Gradient descent
Basic concept
$L$ means loss function, $\theta$ means parameters.
We want
\[\theta^*=arg\ \mathop{min}\limits_\theta L(\theta)\]Our method is
\[\theta\leftarrow\theta-\eta\ \nabla L(\theta)\]Adaptive learning rates
Reduce the learning rate by some factor every few epochs.
-
Vanilla gradient descent
\[w^{t+1}\leftarrow w^t-\eta^t\ g^t\] -
Adgrad
\[\begin{aligned} &w^{t+1}\leftarrow w^t-\frac{\eta^t}{\sigma^t}\ g^t \\ &w^{t+1}\leftarrow w^t-\frac{\eta}{\sqrt{\sum_{i=0}^t(g^i)^2}}\ g^t \end{aligned}\]where $\eta^t=\frac{\eta}{t+1}$, $\sigma^t=\sqrt{\frac{1}{t+1}\ \sum_{i=0}^t\ (g^i)^2}$, $g^t=\nabla L(w)$.
It seems that $\frac{g^t}{\sum_{i=0}^t\ (g^i)^2}$ is uesd as $\frac{first\ derivative}{second\ derivative}$. Especially, we use $\sum_{i=0}^t\ (g^i)^2$ to approximate $second\ derivative$.

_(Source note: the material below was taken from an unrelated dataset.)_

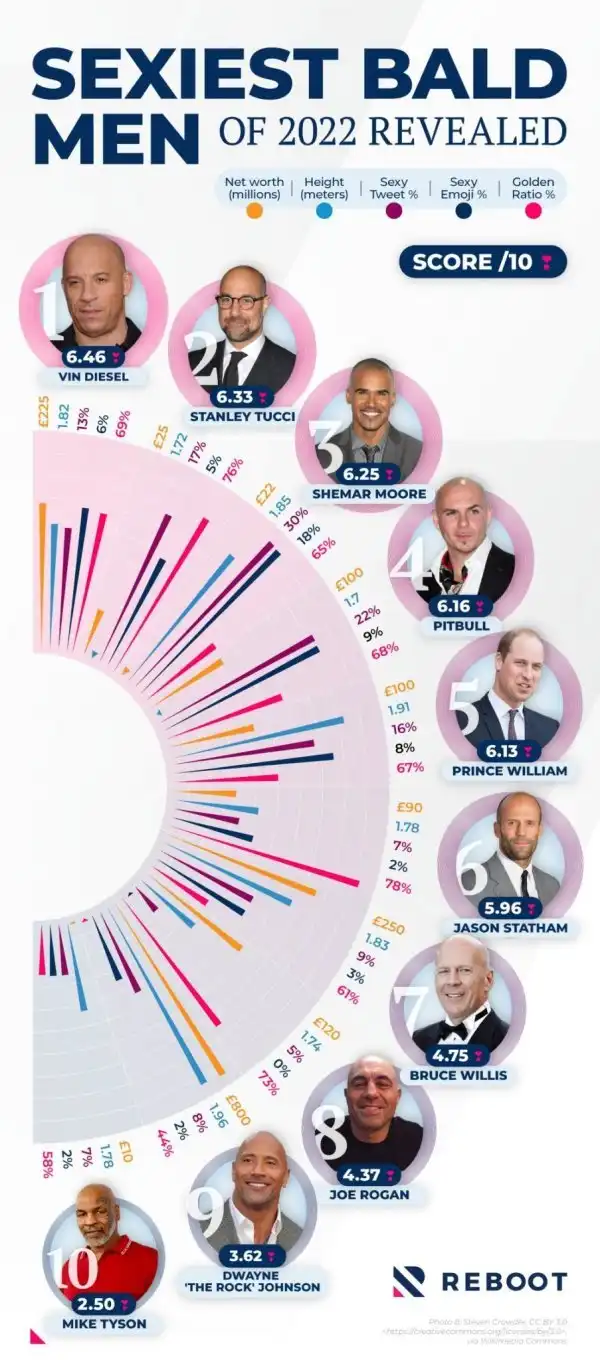 В Сети обожают составлять ТОПы, рейтинги и проводить голосования на самые разные темы. Например, британская компания Reboot решила узнать у людей, кого из лысых знаменитостей они считают самыми привлекательными. Критерии отбора были таковы: правило золотого сечения, рост, чистые активы (в фунтах стерлингов) и мнение общественности. Подсчет проводился по хвалебным постам в Твиттере и по количеству эмодзи в виде "влюбленного смайлика". Таким образом, знаменитые джентльмены с блестящей лысиной получали общую оценку по 10-балльной системе. В итоге получился вот такой народный ТОП-10, давайте поглядим.

Stochastic gradient descent
Sequentially or randomly pick $x^n$ to calculate gradient and loss.
Feature scaling
Make different features have the same scaling.
\[\frac{x-m}{\sigma}\]In pratice
Gradient descent
- very low at the plateau
- stuck at saddle point
- stuck at local minima
Theory
We want
\[\mathop{min}\limits_xf(x)\]If we have $x=x^k+\alpha\ d^k$, then
\[\begin{aligned} f(x)&=f(x^k+\alpha\ d^k) \\ &\approx f(x^k)+\alpha\ \nabla f(x^k)^T\ d^k+o(\alpha\ ||d^k||) \end{aligned}\]As long as $\alpha$ small enough, $\nabla f(x^k)^T\ d^k<0$ means $f(x)<f(x^k)$.
So, gradient descent means
\[-\nabla f(x^k)^T\ d^k=||\nabla f(x^k)^T||\ ||d^k||\ cos\ \theta\leq||\nabla f(x^k)^T||\ ||d^k||\]Thus
\[-\nabla f(x^k)=d^k\]